About this exercise.
The task calls for the lines below from the line with "- MADE WITH" to the line with "Pela oferta direto", both ends included, copied exactly, without any pictures.

---------- Provided records

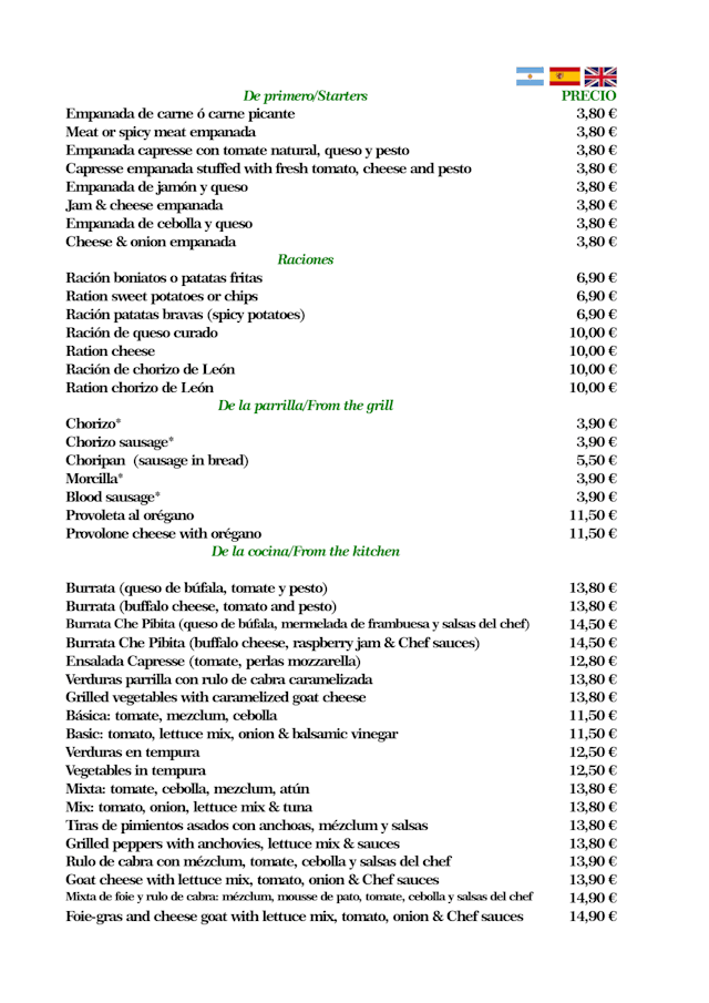 9/10Great find as far as real argentinian place in Madrid. It has a very home touch, the owner is also the chef, which is wonderful. She is very personal in the service and that was fantastic.
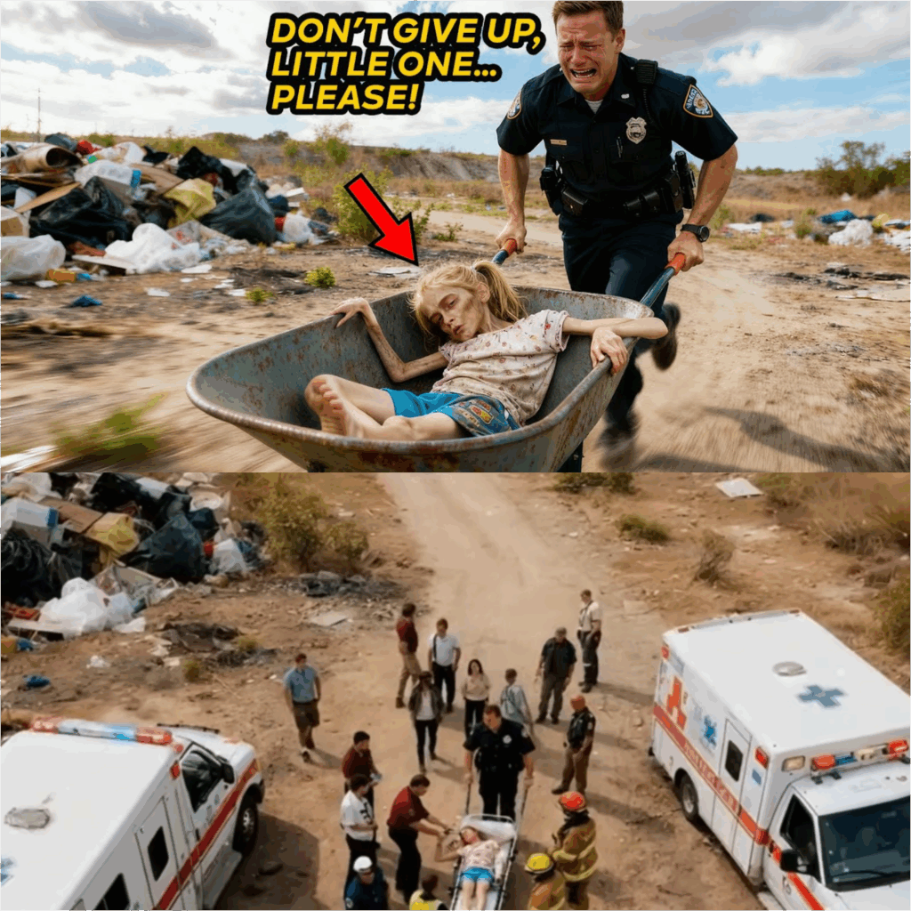 He found an old wheelbarrow, cleared it, laid his jacket inside, and lifted the girl with care. “I’ve got you,” he said, voice steady over the fear in his chest. As he pushed over gravel and weeds, her eyes fluttered. “Laya,” she breathed. “Uncle John… don’t want to go back.” Then darkness again.
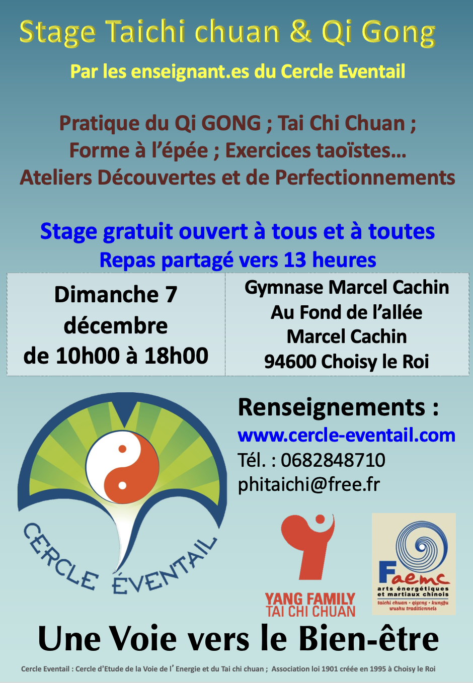 Bienvenue ! 28 novembre 2025Infos Tai ChiPhilippe Denis Bonjour et Bienvenue ! COURS DE TAI CHI CHUAN ET DE QI GONG Ne pas hésiter à passer pour regarder ou mieux découvrir en pratiquant ! Continuer la lecture de Bienvenue ! →
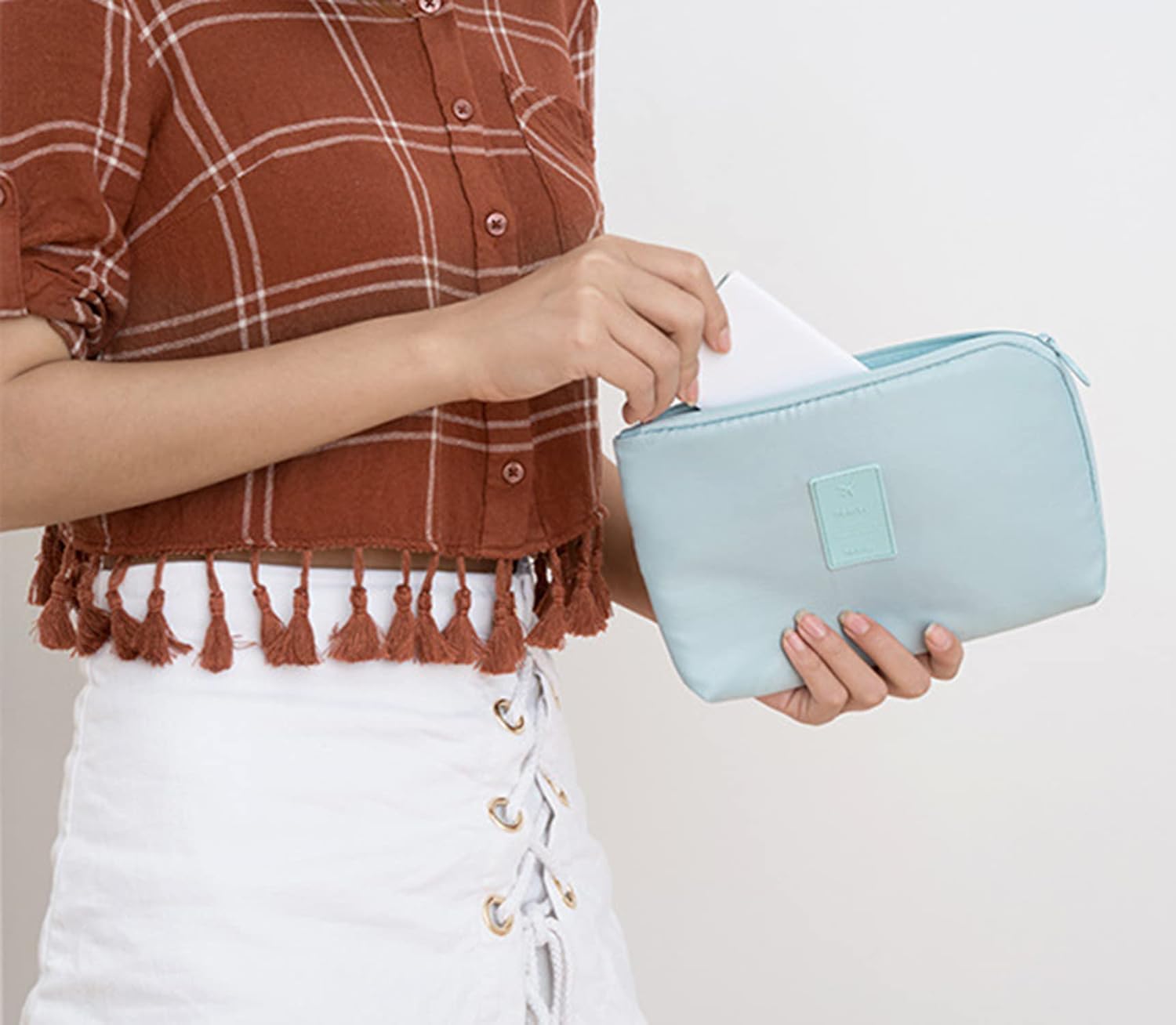 With 3 separate pockets,you could classify your items like cosmetics,key,cellphone,charger and etc.
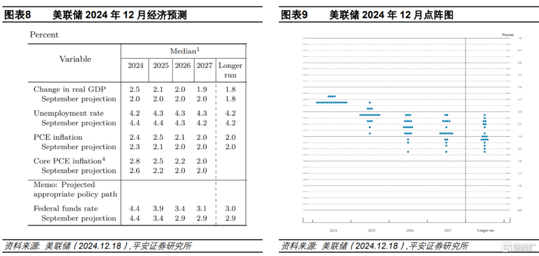 一是,美联储12月议息会议的重要转折。是次会议传递的核心信息是,美联储从此刻开始,将在降息决策上比之前更加谨慎。最新经济预测并未明显上修美国经济和就业前景,但大幅上修2025年通胀预测,继而上修了2025和2026年政策利率路径。鲍威尔在记者会上坦言,一些官员已经开始考虑特朗普新政的影响。12月20日,纽约联储主席威廉姆斯表示,其个人的预测已经考虑到了未来的财政、移民等政策的影响。可见,美联储的这一转变是“特朗普交易”的连锁反应。
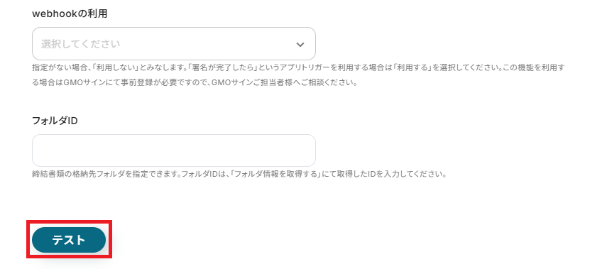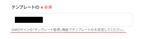 「テンプレートID」は、注釈を確認し任意で設定しましょう。 GMOサインのテンプレート管理に登録されているテンプレートのIDです。
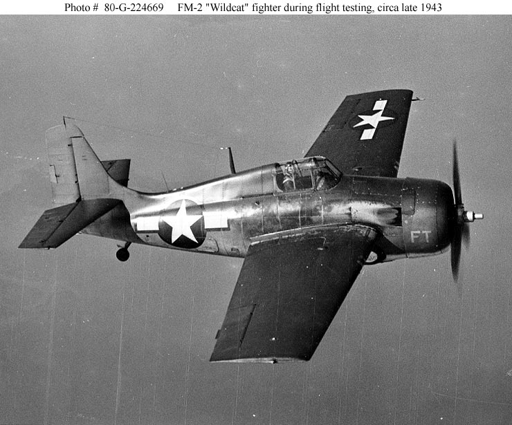 Photo #: 80-G-222824 General Motors FM-2 "Wildcat" fighter In flight in the Atlantic area, 10 February 1944. The plane is from USS Card (CVE-11). Official U.S. Navy Photograph, now in the collections of the National Archives. Online Image: 71KB; 740 x 615 pixels Reproductions of this image may also be available through the National Archives photographic reproduction system. |
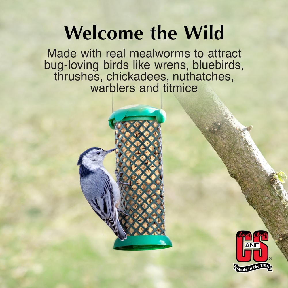 - MADE WITH MEALWORMS to provide an appealing source of protein and energy to bug-loving birds! A great option during breeding season when birds tend to eat more insects.
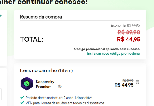 Pela oferta direto na tela de licença do Antivirus, peguei 2 anos pra 1 dispositivo por 44,95, nessa tela dos cupons ele está meio inflado.
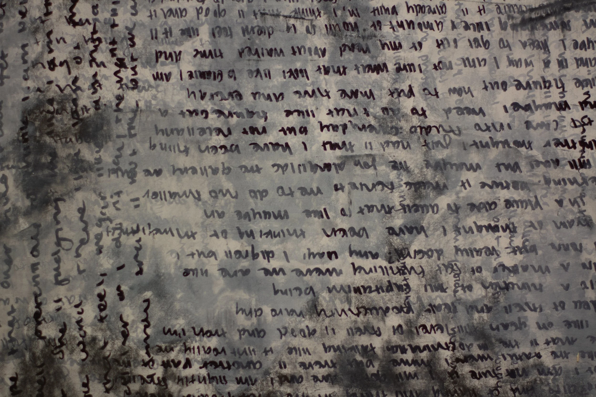 Through mixed media pieces, I explore the connections between memory, loss, love, and personal identity. Within my drawings, I utilize handwritten text to journal my thoughts directly onto each piece, writing in a stream of consciousness to archive my experiences, and soon to be memories, as they are being created. The ink from the text layered with the graphite from detailed, abstracted drawings meld together to form an amalgamation which is my existence as a person. However, I also include layers of semi-opaque gesso which brings about erasure, referencing my obsessive nature to fixate on what is slipping away in the form of self-inflicted deterioration.

--------------------

Answer for the task.
 - MADE WITH MEALWORMS to provide an appealing source of protein and energy to bug-loving birds! A great option during breeding season when birds tend to eat more insects.
 Pela oferta direto na tela de licença do Antivirus, peguei 2 anos pra 1 dispositivo por 44,95, nessa tela dos cupons ele está meio inflado.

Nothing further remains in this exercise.